In the realm of vehicle management within Texas, navigating the legal pathways to remove or inspect a motor vehicle stored at a Vehicle Storage Facility (VSF) requires a structured process, a process meticulously outlined by the TDLR VSF011 form. Approved by the Texas Department of Licensing and Regulation, this form stands as a critical document facilitating the rightful access to vehicles by their owners, their immediate family members, or authorized representatives, including those from insurance companies. It meticulously lays out distinct sections necessitating specific checkboxes indicating the nature of the request—whether it's for the removal or inspection of the vehicle. Delineated further, the form demands detailed descriptions of the vehicle in question, the person authorized to carry out the inspection or removal, and, for instances involving direct family members or designated representatives, a notarized oath confirming their legitimacy to act on behalf of the vehicle's owner. For insurance company representatives, the form requires a declaration of their authority to proceed with the vehicle related to a claim. This comprehensive document, thereby, not only streamlines the process but also embeds a layer of legal protection for all parties involved, underlining the importance of understanding its contents fully. Given its significant implications, individuals are advised to comprehend the form completely or seek legal counsel if uncertainties persist, ensuring that their actions are both legally sound and aligned with regulatory guidelines.

QuestionAnswer
Form NameTdlr Vsf011 Form
Form Length2 pages
Fillable?No
Fillable fields0
Avg. time to fill out30 sec
Other namesvsf011, texas vsf form, vsf011 form, vsf11 texas

Form Preview Example

Removal and/or Inspection of a Motor Vehicle at a VSF

This Form is Approved by the Texas Department of Licensing and Regulation

Check one of the following boxes:

SECTION ONE

 

 

Box 1: I am an immediate family member (parent, spouse, brother, sister, or child) of the owner of the vehicle. When selected, this form may be used as the Affidavit of Right of Possession Form.

Box 2: I am an authorized representative of the owner of the vehicle.

Box 3: I am an authorized representative of an insurance company authorized to conduct business in the State of Texas.

Check the applicable box:

SECTION TWO

 

 

 

 

 

 

I will remove the vehicle;

 

 

 

 

 

 

I will inspect the vehicle.

 

 

 

 

 

 

 

 

Describe the motor vehicle and person authorized to inspect or remove the vehicle:

SECTION THREE

 

 

 

 

 

Vehicle Year, Make and Model: ________________________________________________

 

 

VIN or License Plate Number: _________________________________________________

 

Describe the person removing or inspecting the motor vehicle:

 

 

First and Last Name: ________________________________________________________

 

 

Company Name (if a representative of a company): ________________________________

 

 

If a tow truck is used to remove the vehicle, complete the following:

 

 

Tow Operator TDLR Lic. No: ________________ Tow Truck TDLR No: ______________________

 

 

 

 

 

Complete this section ONLY IF you checked Box 1 or Box 2 in SECTION ONE above:

SECTION FOUR

 

 

 

 

On this date appeared _________________________________________ who upon oath declared that:

 

 

 

I am the owner of the vehicle and authorize the person or company named in this document; [or]

 

 

 

I am an immediate family member and authorized by the owner

 

to remove or inspect the motor vehicle described above.

 

The authority granted herein is limited to either (i) inspecting the vehicle or (ii) making payment to and removing the described vehicle from ________________________________________________ (name of the Vehicle Storage Facility).

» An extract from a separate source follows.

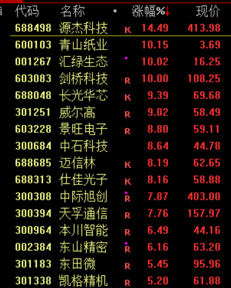 CPO等算力硬件股拉升,剑桥科技、汇绿生态等封板。
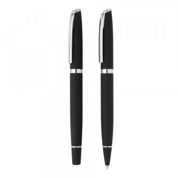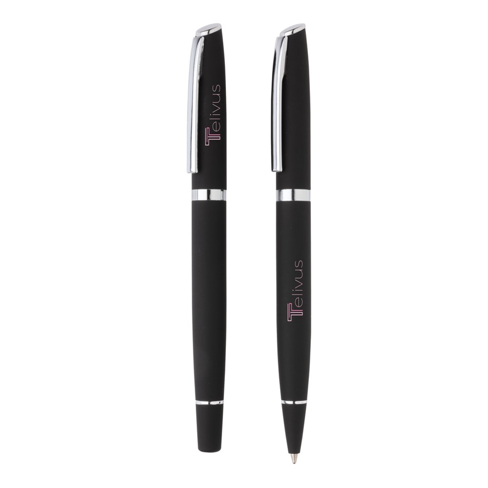 Schlicht und elegant. Das matte Finish dieses Stifte-Sets verleiht ihm ein besonders luxuriöses Erscheinungsbild und ist auch haptisch ein Highlight. Das Set, bestehend aus einem Kugelschreiber und einem Tintenroller, haben beide eine Mine mit blau schreibender Dokumental® Tinte. Der Kugelschreiber schreibt 1200m, der Tintenroller 400m. Verpackt in farblich passender Geschenkbox.

This Authority to Act shall expire the earlier of three (3) days from its date of execution, or at an earlier date if revoked by me in writing, or when the motor vehicle is returned to my possession.

Signed this ______ day of _________________, 20____ Signature: ___________________________________________

Subscribed and sworn to before me on this _______day of _________________, 20____.

Notary Signature: ________________________________

Notary Public, State of ____________

My commission expires: ______________

Complete this section ONLY IF you checked Box 3 in SECTION ONE above:SECTION FIVE

I am a duly authorized licensed Insurance Adjuster. I work for or represent ______________________________________________

(Name of Insurance Company) authorized to conduct business in the State of Texas. My Texas Department of Insurance Adjuster License # is: ________________________. The claim related to this vehicle settled or, prior to settlement, the vehicle owner

expressly authorized its inspection and/or removal.

Signature: ___________________________________ Date: ________________________________

Printed Name: ________________________________ Insurance Claim#: ______________________

I understand, acknowledge, and agree that by typing my name on this document, my typed name is an electronic signature and this document has the same legally binding consequence as if executed with a traditional signature.

This document affects your legal rights and may give others access to your motor vehicle. If you do not understand this document or have questions, please consult

an attorney. TDLR Form No. VSF011, Effective January 2014. Complaints may be filed online at www.tdlr.texas.gov/Complaints/

INSTRUCTIONS

When completed according to these instructions and presented by a person named in the form with

conforming identification, a VSF may not delay release or inspection of the vehicle.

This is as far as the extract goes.